Olivia had no such reservations. ‘Do we all get to say exactly what we think, or is it just you? I wasn’t going to say a word about how ridiculous this whole charade is, your loony engagement . . .’
‘That policy has subsequently been revised, I take it?’ Charlie snapped.
Liv didn’t get the chance to answer. Shouting was coming from the bottom of the stairs near the presents table. Simon’s voice. Everyone who could hear it was shifting in that direction, not wanting to miss out.
Stacey Sellers was crying. Simon was holding a large vibrator, wielding it like a truncheon. ‘This is what you thought we’d want, is it?’ he yelled, throwing it on the floor. It landed amid strips of wrapping paper, next to what was left of its cardboard and plastic box.
‘There’s nothing wrong with sex toys. They’re not dirty,’ Stacey screamed back at him. ‘Haven’t you ever watched Sex and the City ? Don’t you know anything ?’
‘She’s got a point,’ Olivia whispered in Charlie’s ear. ‘A libido might not be essential but a sense of humour is.’
‘Liv says she’ll have it if we don’t want it,’ Charlie shouted down the stairs.
Simon looked up at her. ‘Get your stuff,’ he said. ‘We’re going. ’
‘Going? Simon, it’s only ten past nine. We can’t leave—it’s our party.’

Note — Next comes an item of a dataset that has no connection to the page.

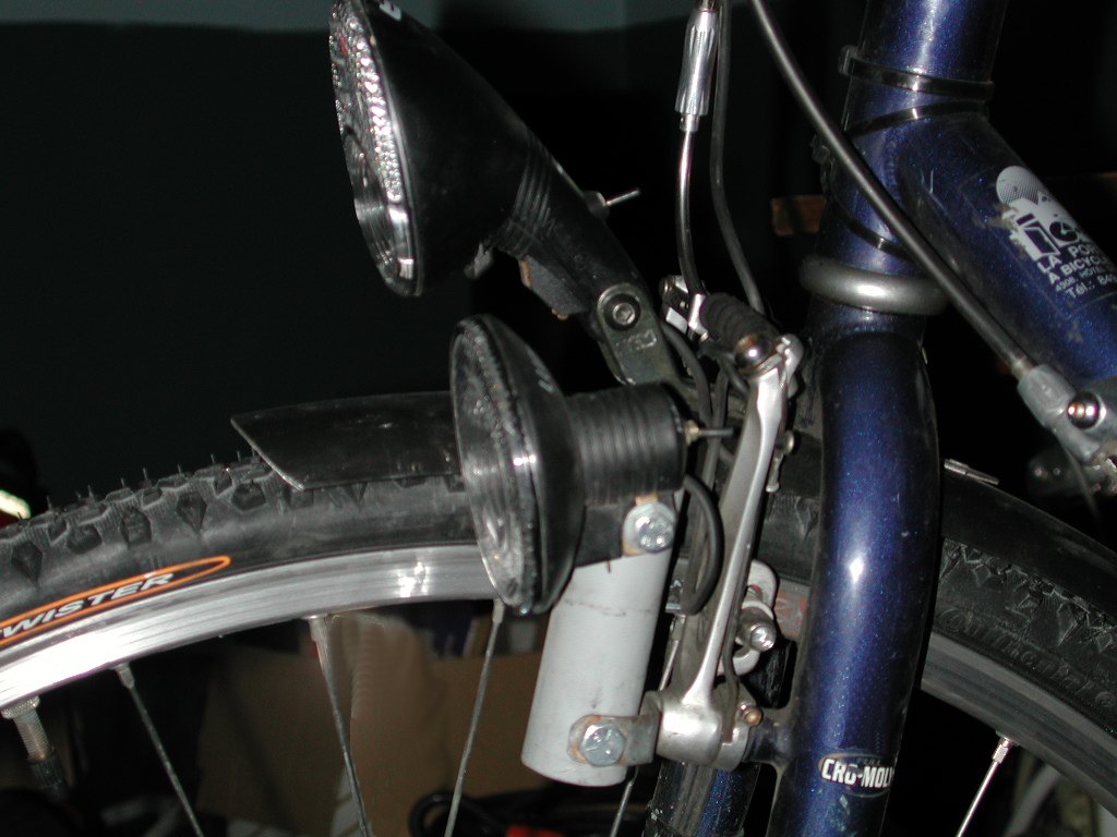 The main headlight was attached on the fork crown via a brake bridge because there is no brake hole in front of the fork. The secondary headlight was attached to the left brake boss via a piece of plastic EMT conduit to insulate it from the frame.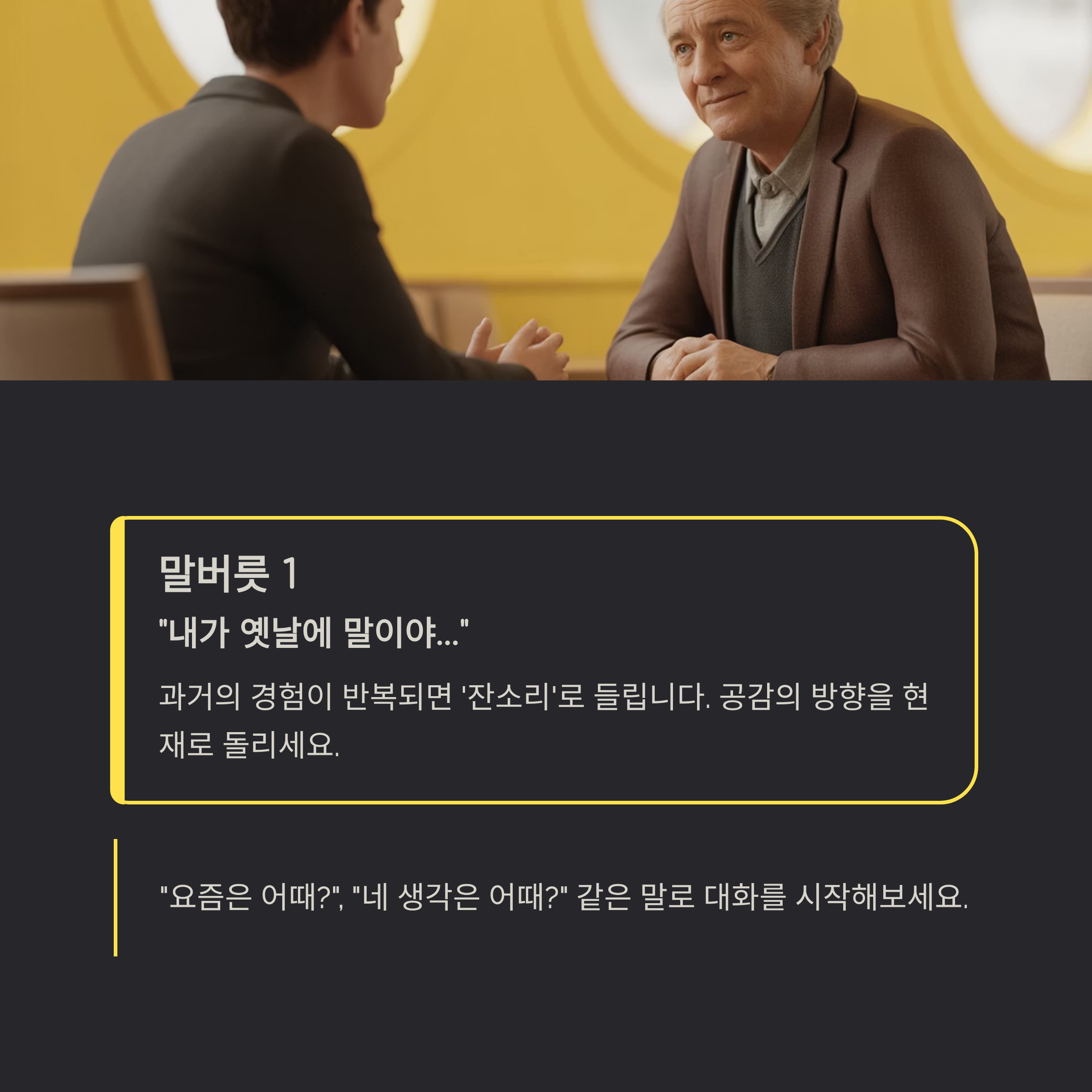 과거의 경험이 아무리 귀해도, 반복되면 ‘잔소리’로 들릴 수밖에 없죠.

‘I can do whatever the fuck I like. Give me your keys. I’ll see you later.’
Keys? Did he mean he planned to spend the night at her house? He had to mean that—it was unambiguous. Charlie looked around to see if anyone was smirking. Most people seemed more interested in Stacey’s weeping. There was no way anyone could know that Charlie and Simon had never spent the night together at either of their houses or anywhere else, that she’d feared it might never happen, even after they were married. ‘I’ll come with you,’ she told him, grabbing her coat and bag from the stand at the top of the stairs.
Olivia was waiting to pounce. ‘I’ve only just got here. Can’t Simon wait?’